The Pain of Nothing

The Pain of Nothing February 6, 2016
Statue of the Buddha, Photograph by Henry Karlson
Statue of the Buddha, Photograph by Henry Karlson

A Buddhist monk and his disciple came together to talk about life, the universe and everything. The disciple, having read and many important Buddhist texts, such as the Heart Sutra which told him, “Form is emptiness,” ended up taking a nihilistic view towards the universe. If emptiness is form, and form is emptiness, would it not be best to help the world achieve its proper form and empty it of all its illusions, and so eliminate its apparent content?

The monk understood how his disciple could come to such an erroneous conclusion. He also knew he had to do something but it. Nihilism was, after all, one of the two great errors, and it was one very common with beginners exploring Buddhist thought as they over-literalized the words of the Buddha. But how was he to show his disciple the error of his ways? How was he to show that the emptiness of the world did not destroy the forms found in the world but was the foundation for their conventional existence? How was he to show his disciple this nothingness had form, and that in and with such form, great harm could and would be done if such an erroneous interpretation was upheld?

The answer came to him.

“Disciple,” the monk said.

“Yes?”

“Come here and sit and mediate.”

The disciple came and sat down, properly in full lotus position, in front of his master, and meditated.

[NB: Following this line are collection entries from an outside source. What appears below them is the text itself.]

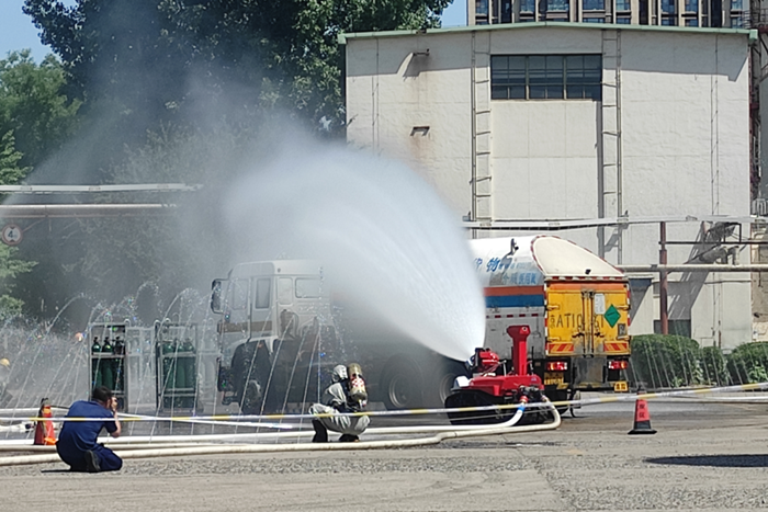 演练从“恐怖分子袭击液氧槽车冲撞氢气瓶组”开始,单位立即启动应急预案,开展初期处置;消防队开展危化品车辆着火灭火、氢气瓶组泄漏处置。演练共设企业自救、处置移交、火场侦察、警戒封控、疏散救人、稀释驱散、现场处置、危险转运、全面洗消9项流程。演练中,消防队共出动消防作战车辆9辆,消防指战员52名,北普公司参加应急演练人员28名。
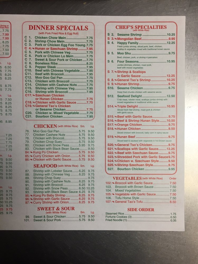 Top's China Restaurant in Hopewell, VA is a hidden gem for Chinese cuisine enthusiasts. Offering a variety of authentic dishes, including general tso's chicken and spare ribs, this restaurant has garnered praise for its flavorful and fresh food. Customers have commended the quick service and accuracy of orders, with many mentioning their long-standing loyalty to the establishment. The menu includes vegan-friendly options like mixed vegetables with white sauce, showcasing the restaurant's commitment to accommodating dietary preferences. With options for takeout, delivery, and catering, Top's China Restaurant caters to a wide range of dining needs. Whether you're looking for a quick bite or a full meal, this establishment promises a satisfying experience for all Chinese food lovers.
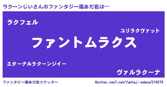 | 男性向けラノベタイトル風あだ名 | 『ダンジョンにラクーンじいを求めるのは間違っているだろうか』 |
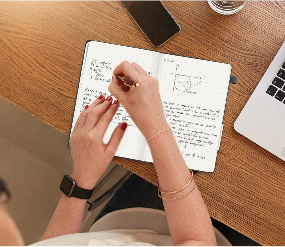 Lined A5 Journal Notebook, 200 Pages, Leather Cover, Office School Use, Grey
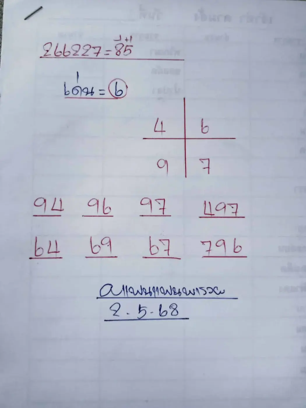 - เลขสองตัว : 94 – 96 – 97 – 64 – 69 – 67
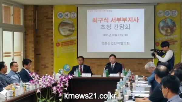 이날 간담회에는 최구식 경상남도 서부부지사를 비롯하여 방만혁 정촌산단협의회 회장과 정촌산업단지 41개 기업대표들이 참석했다.
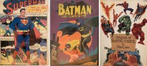If you were a comics fan in the mid-1970s, the appearance of Superman from the 30s to the 70s, Batman from the 30s to the 70s and Origins of Marvel Comics on the shelves of bookstores and libraries was a monumental occasion. Though these books were not book-length comics works like Burne Hogarth’s 1972 adaptation of E. R. Rice’s Tarzan of the Apes, or even the first anthology of classic superhero comics collected in hardcover (Jules Feiffer’s The Great Comic Book Heroes appeared in 1966), they provided some of the first affordable access to comics history, and crucial validation that superhero comics deserved a place on the bookshelf. These books as much as any in comics history paved the way for the graphic novel revolution in the trade book industry that ripples down to the present day.
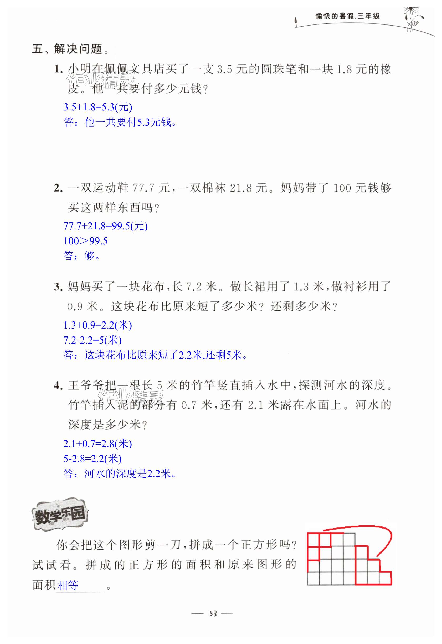 2024年愉快的暑假江苏凤凰美术出版社三年级
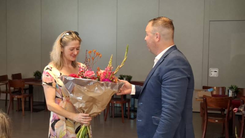 Wethouder Martijn Gijzen zette de acht vrijwilligers die vijf jaar zwerfvuil ruimen in de bloemen.
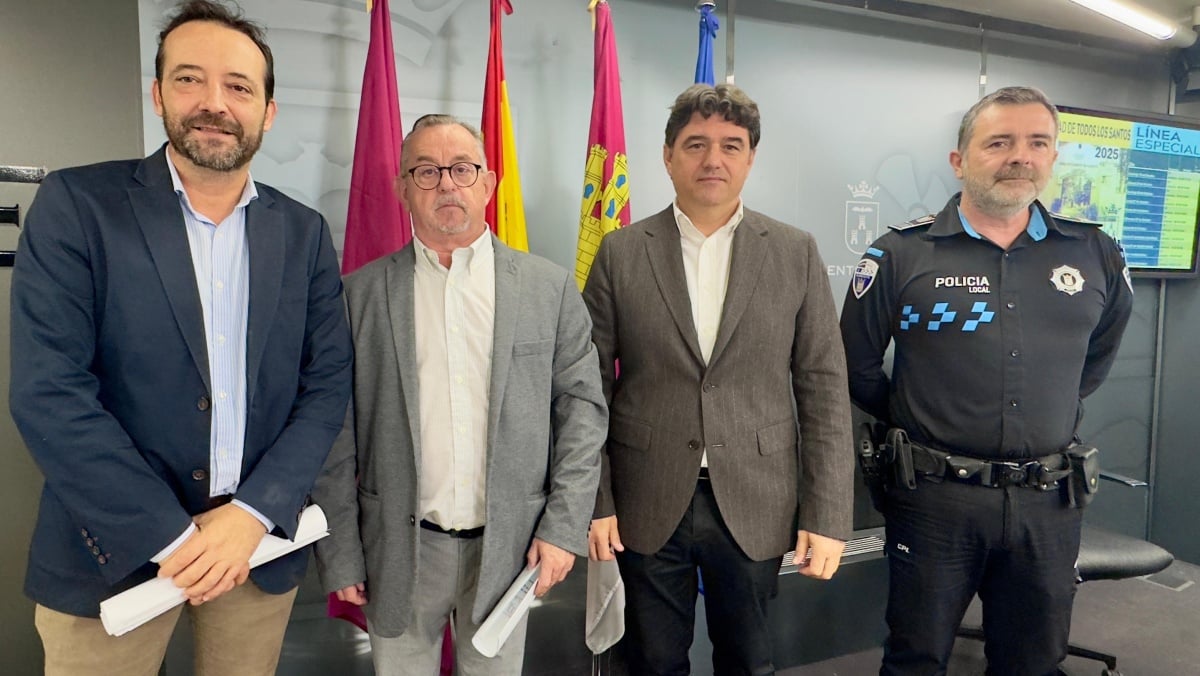 Los concejales de Movilidad, Francisco Navarro, y de Cementerios, Carlos Calero, acompañados del jefe de la Policía Local, Mario Rubio, y Julio Jiménez, de Mortualba, han informado en rueda de prensa del dispositivo especial que el Ayuntamiento va a poner en marcha con motivo de la festividad de Todos los Santos.
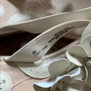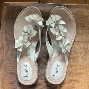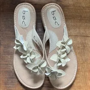 Elegant cream sandals with floral accents. Comfortable and stylish. Perfect for casual outings.
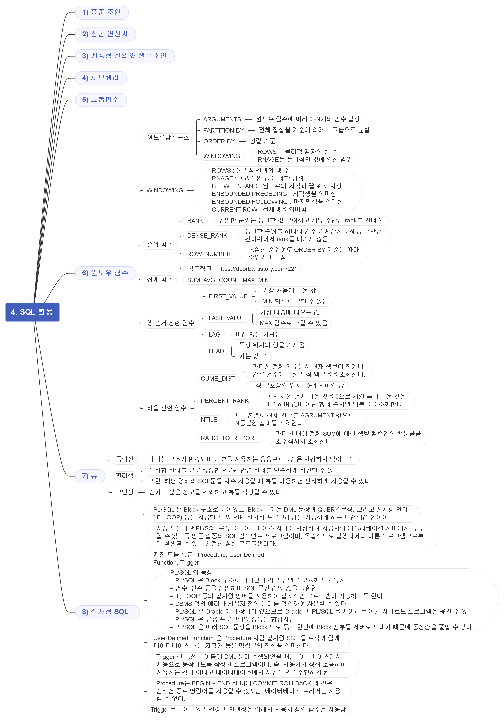 SQL 기본에 이어 활용 부분에 대해 학습한 내용을 마인드맵으로 정리하였습니다.
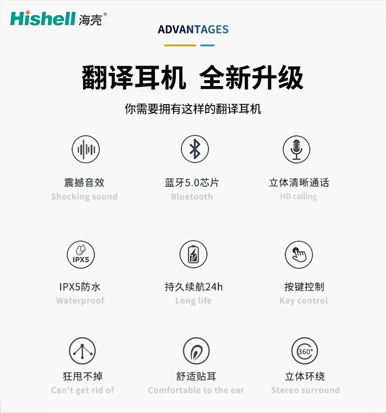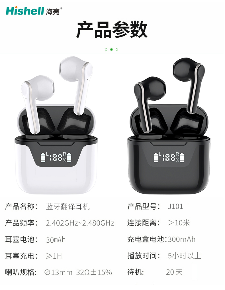 产品名称:蓝牙翻译耳机 产品型号:J101
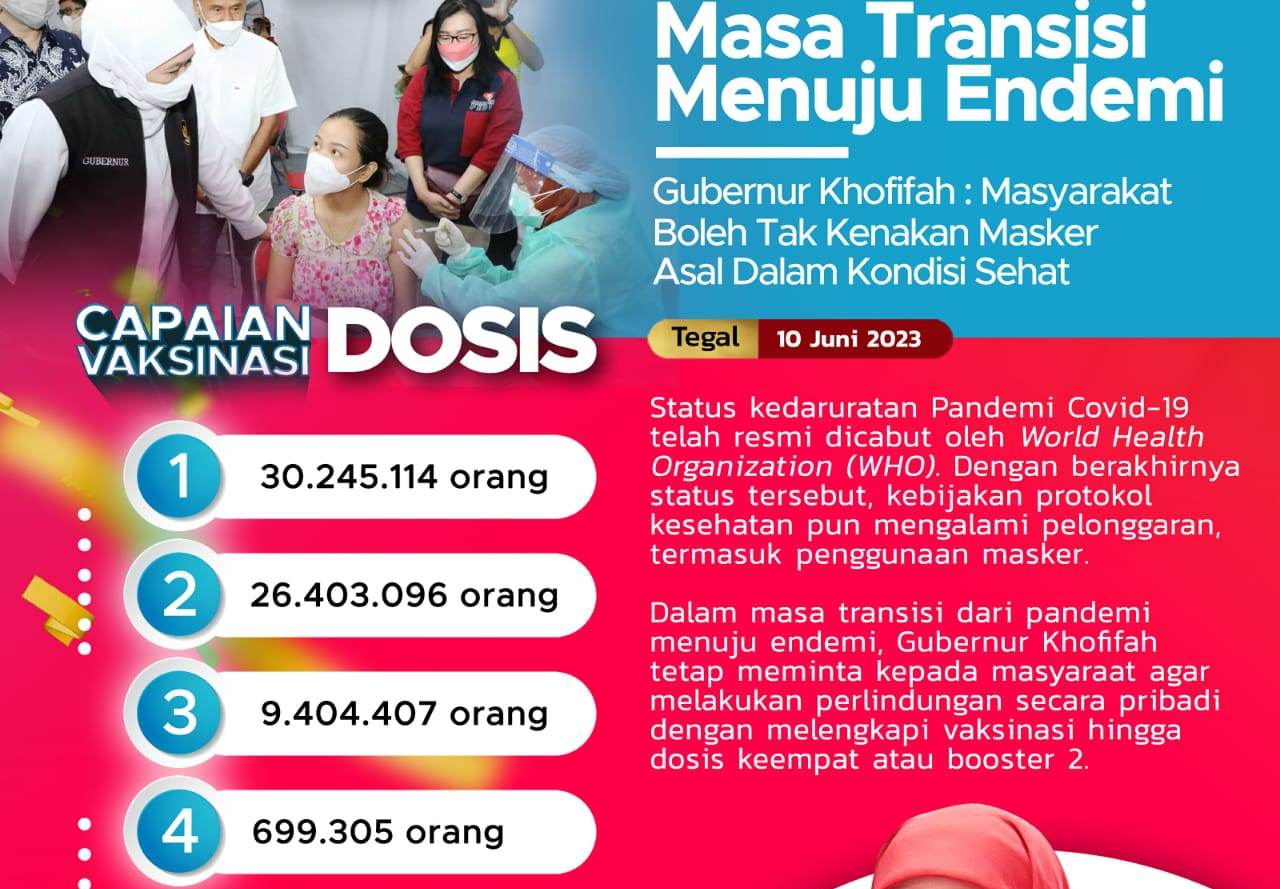 Gubernur Jawa Timur Khofifah Indar Parawansa menyampaikan, masyarakat diperbolehkan tidak mengenakan masker asal dalam kondisi sehat dan tidak berisiko tertular atau menularkan Covid-19. Hal ini juga tertuang dalam Surat Edaran Satuan Tugas Penanganan Covid-19 Indonesia nomor 1 tahun 2023 tentang Protokol Kesehatan Pada Masa Transisi Endemi Covid-19.
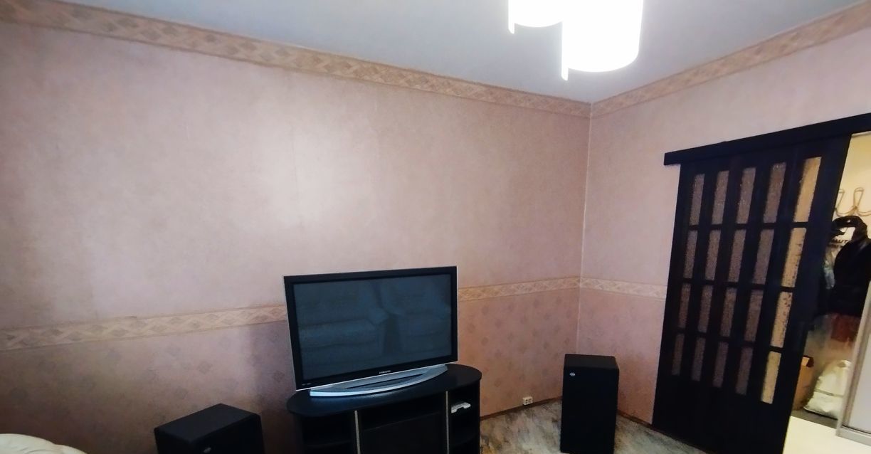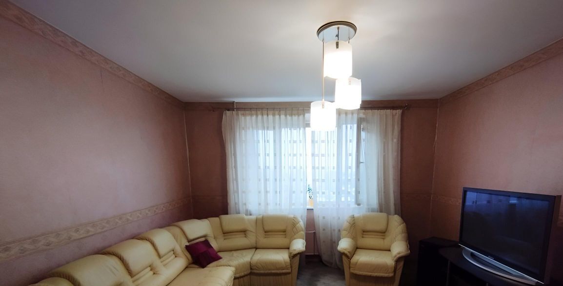 В большой комнате угловой раскладной диван, два кресла, тумба под тв, телевизор.
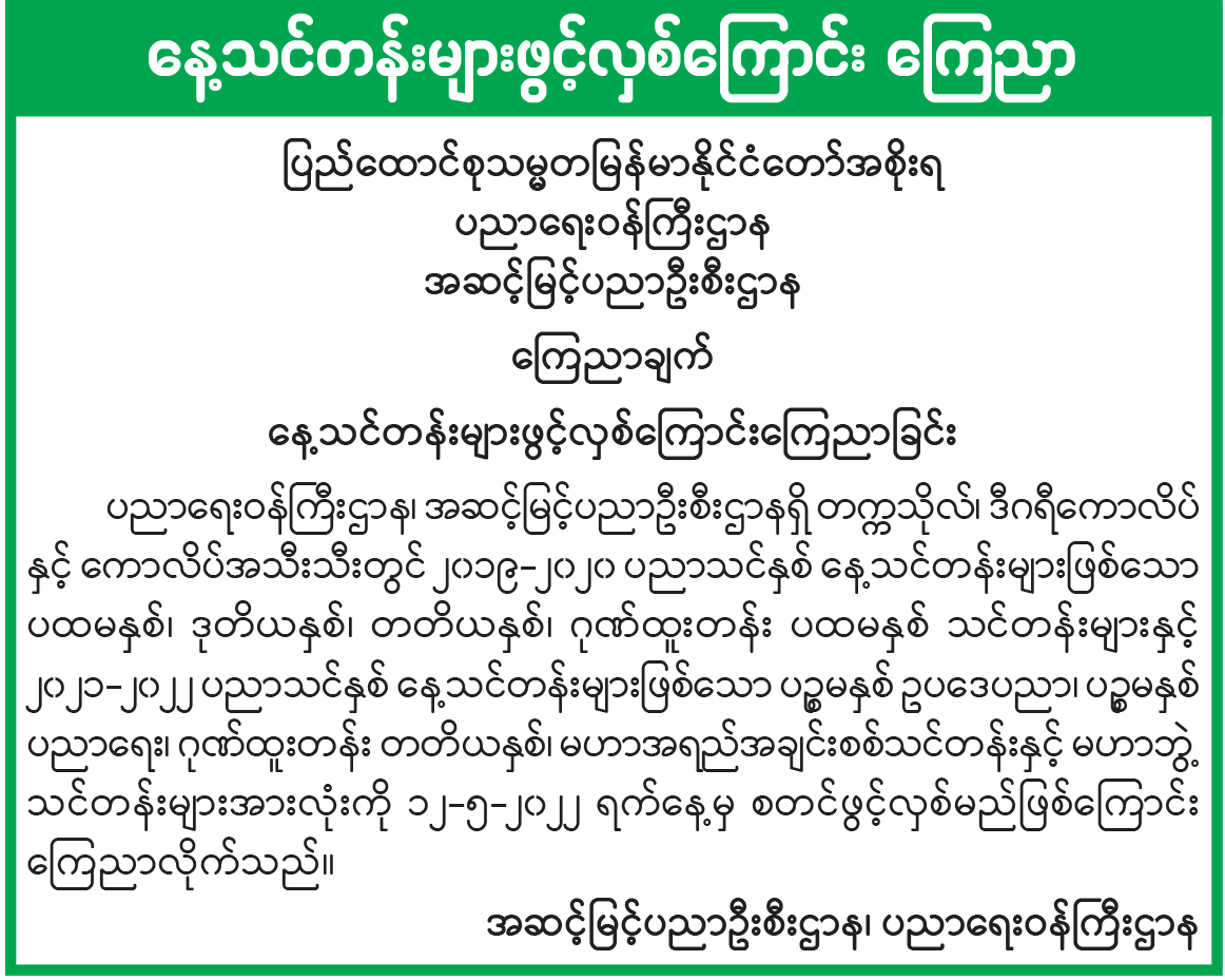 နေ့သင်တန်းများ ၁၂-၅-၂၀၂၂ ရက်နေ့မှ စတင်ဖွင့်လှစ်မည်
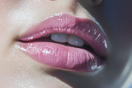 Close-Up of Glossy Lips With Natural Shine Under Soft Studio Lighting
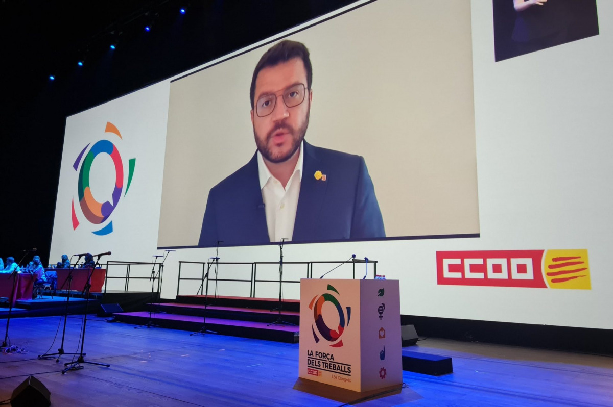 Pere Aragonès, ha reivindicat el paper els sindicats i els agents socials per “enfortir els serveis públics” i contribuir a “la resolució del conflicte polític de Catalunya amb l’Estat”. Durant la tercera jornada del congrés de CCOO a Catalunya, celebrada aquest diumenge a l’auditori del Fòrum de Barcelona, Aragonès ha comentat que el diàleg social és “una manera d’entendre la política econòmica i social” i ha subratllat que el paper dels sindicats és “fonamental” per “avançar cap a una estructura econòmica molt més resilient”. En la seva intervenció –en format telemàtic- el president de la Generalitat també ha volgut traslladar el “compromís” del Govern per donar al treball “el valor que mereix”.
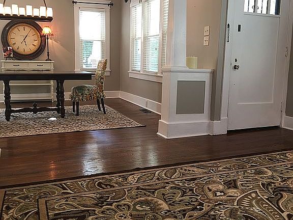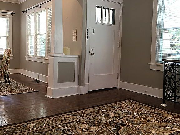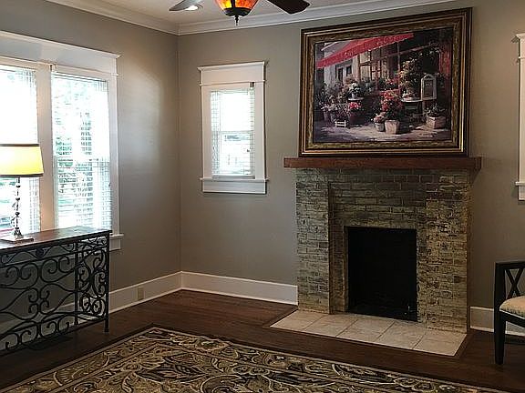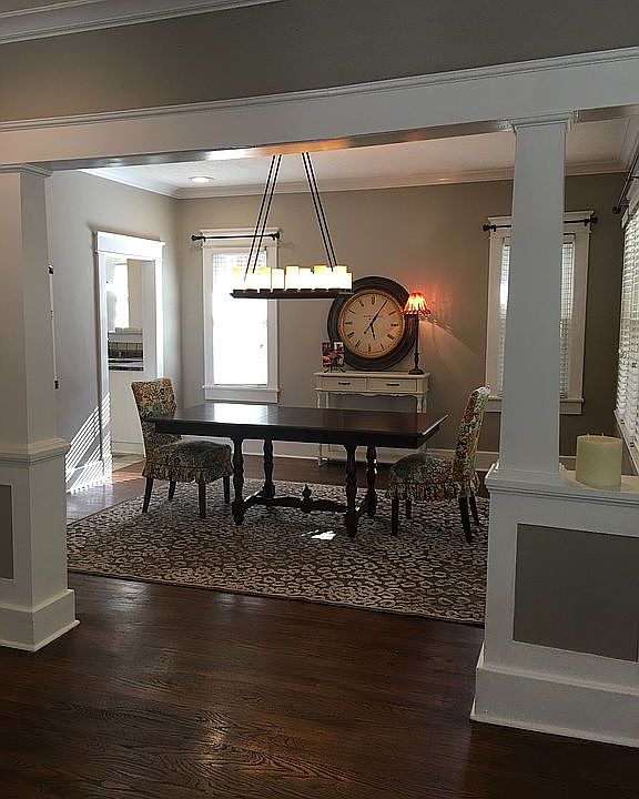 Large charming 2-story bungalow in excellent and updated condition. 5 bedrooms (master on main floor), 3 full baths. Master bedroom has huge ensuite master bath with jetted tub, separate tiled shower, double vanity, and walk-in closet. Kitchen has new cabinets, stainless appliances, exposed brick, tin ceiling, tile floor, and large walk-in pantry. 4-car attached garage, screened-in porch, large front porch, huge upstairs family room, ceiling fans, new electrical and plumbing throughout, new vinyl-clad thermopane windows, Levelor plantation blinds, newer roof and two HVAC systems, concrete driveway from street to alley, basement storage. Floors are hardwood, tile, and new carpet. New interior paint everywhere and entire exterior is clad including windows and trim for low maintenance.

After ten minutes, the monk was ready.

“You believe the world and everything around it is nothing?”

“Yes, master. It is as the Buddha said.”

“But what is this nothing?”

“It is the emptiness of being.“

“And how is this emptiness to be understood?”

“Through the elimination of all apparent things.”

“But don’t you think that will hurt?”

“No, master. How can nothing hurt?”

“True. True. How can it?”

The master became silent for several minutes.

“Disciple.”

“Yes, master?”

“Can you grab a hold of this nothing?”

“No, master. Nothing can’t be held.”

“But it can! I can grab a little of it, and in doing so, show you nothing can hurt a great deal!”

“How, master?”

The monk looked down at his disciple, and then reached out and grabbed him by the nose, pulling it very hard.

“Ouch!” the disciple said. “Why did you do that?”

“To show you how much pain you can find in a little bit of nothing!”